Recombinant Mouse Resistin Protein, CF

Resistin (resistance-to-insulin), also known as adipocyte-specific secretory factor (ADSF) and found in inflammatory zone 3 (FIZZ3), is a 10 kDa member of a small family of secreted cysteine-rich peptide hormones. These molecules purportedly play some role in inflammation, glucose metabolism, and angiogenesis (1, 2, 3, 4). Mouse Resistin precursor is 114 amino acids (aa) in length. It contains a 20 aa signal sequence plus a 94 aa mature region. The mature region shows an N-terminal alpha-helical tail (aa 27 - 48) and a C-terminal beta-sheet globular head (aa 51 - 112) (5, 6). The Resistin molecule circulates as either a noncovalent trimer (minor form), or a disulfide-linked homohexamer (major form). Noncovalent trimers are generated when the alpha-helical segments self-associate to form a three-stranded coiled-coil structure. Covalent hexamers subsequently appear when the free Cys at position #26 is engaged by adjacent trimers. It is hypothesized that the hexamer is a less active form of the molecule, and bioactivity is achieved at the target site by disulfide bond reduction (5). Although Resistin family molecules can noncovalently interact to form heterotrimers in vitro, there is no evidence to suggest this occurs in vivo with Resistin (7, 8). Mature mouse Resistin shares 72% and 56% aa identity with rat and human Resistin, respectively. Rat Resistin possesses an alternate start site at Met48; this Met is not found in the mouse molecule, however (9). Rodent Resistin is expressed by white adipocytes, splenocytes, astrocytes, and anterior pituitary epithelium (6, 10, 11).
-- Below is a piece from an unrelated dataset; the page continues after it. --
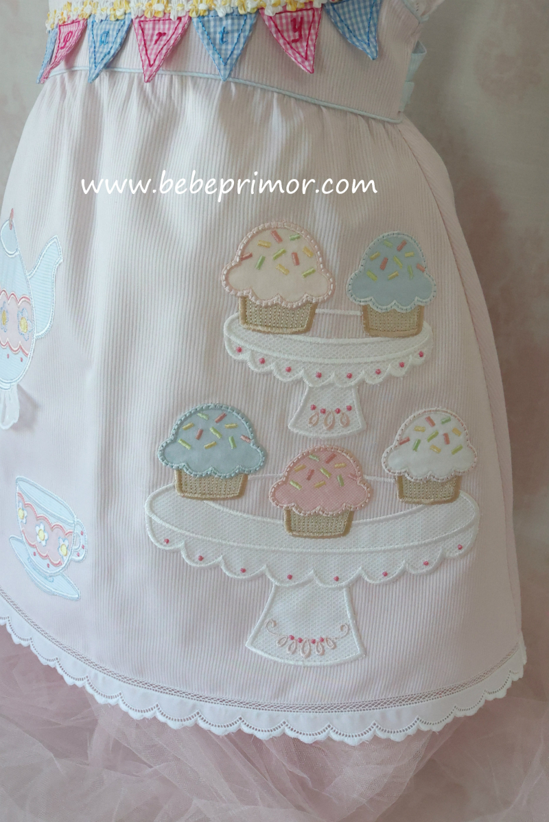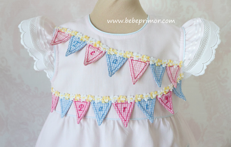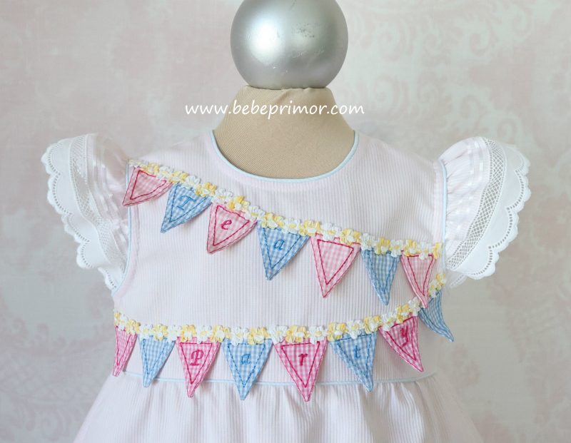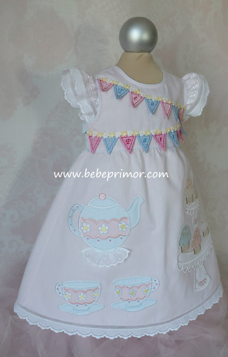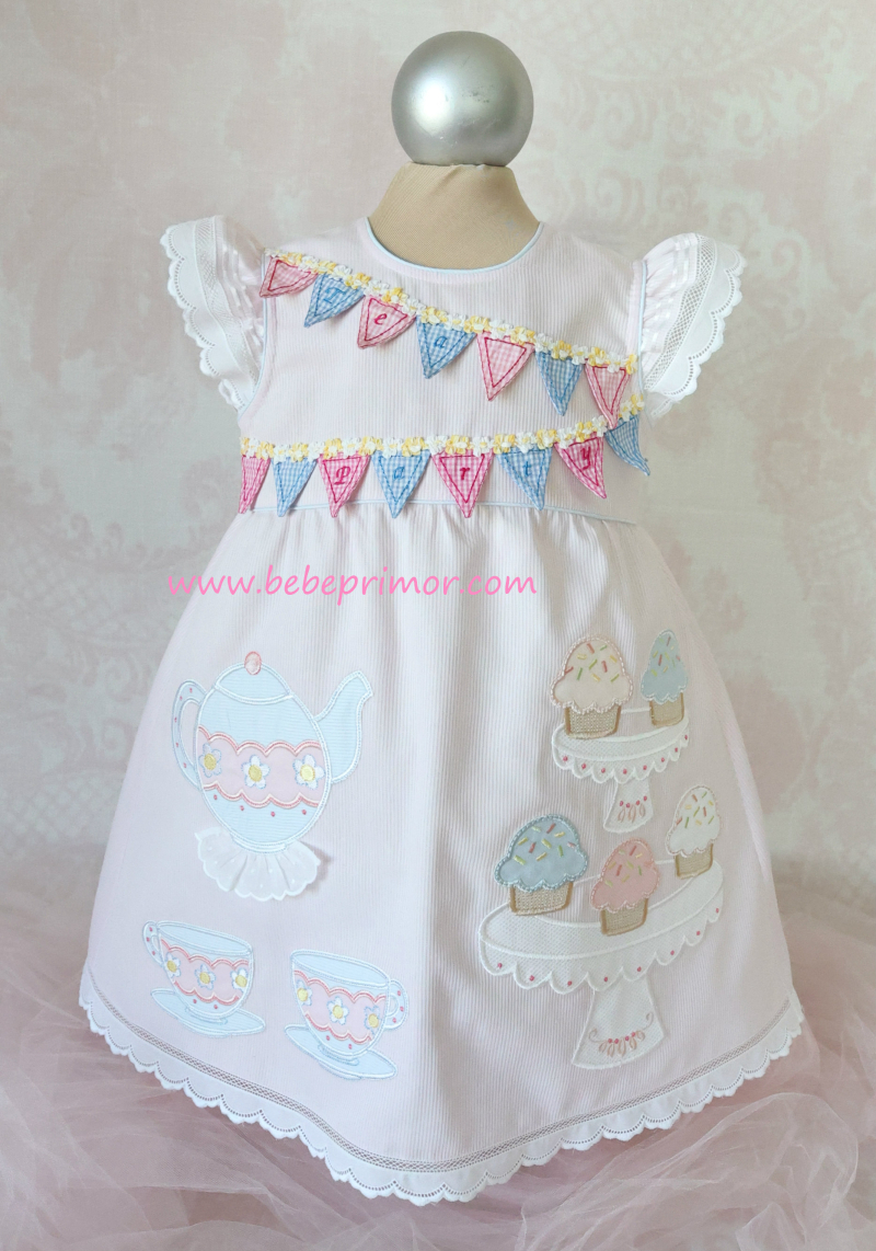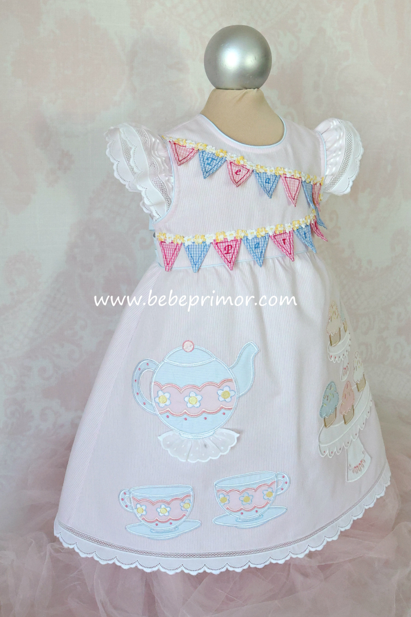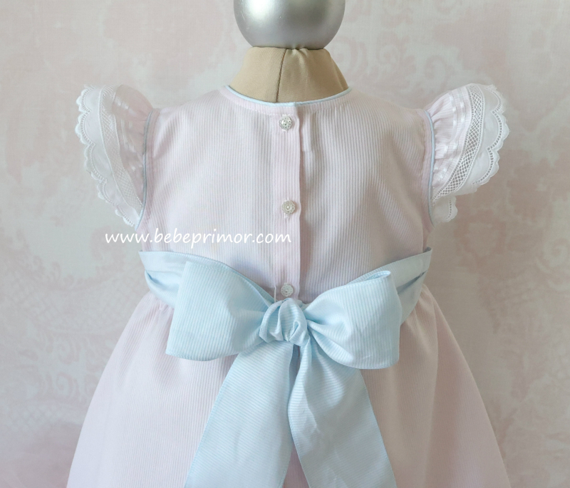 Hermoso vestido de "Fiesta de Té" confeccionado con tiras bordadas suiza,piqué 100% algodón con acabado satinado, raya sombreada color rosa bebé y botones en madre perlas.

Although the function of Resistin is unclear, it would seem to block insulin-stimulated uptake of glucose by adipocytes, and promote glucose release by hepatocytes (6, 12, 13). As such, it has been proposed to participate in diet-induced insulin-sensitivity. Diets high in fat promote an increase in overall adipocyte size. Hypertrophic adipocytes are known to secrete TNF-alpha, which acts locally to block ACRP30 production. Since ACRP30 is an insulin-sensitizer, a drop in ACRP30 availability leads to insulin-insensitivity, which drives increased insulin production (a compensatory mechanism). High insulin induces Resistin secretion, which now antagonizes insulin action, prompting more insulin production, and more Resistin secretion (14).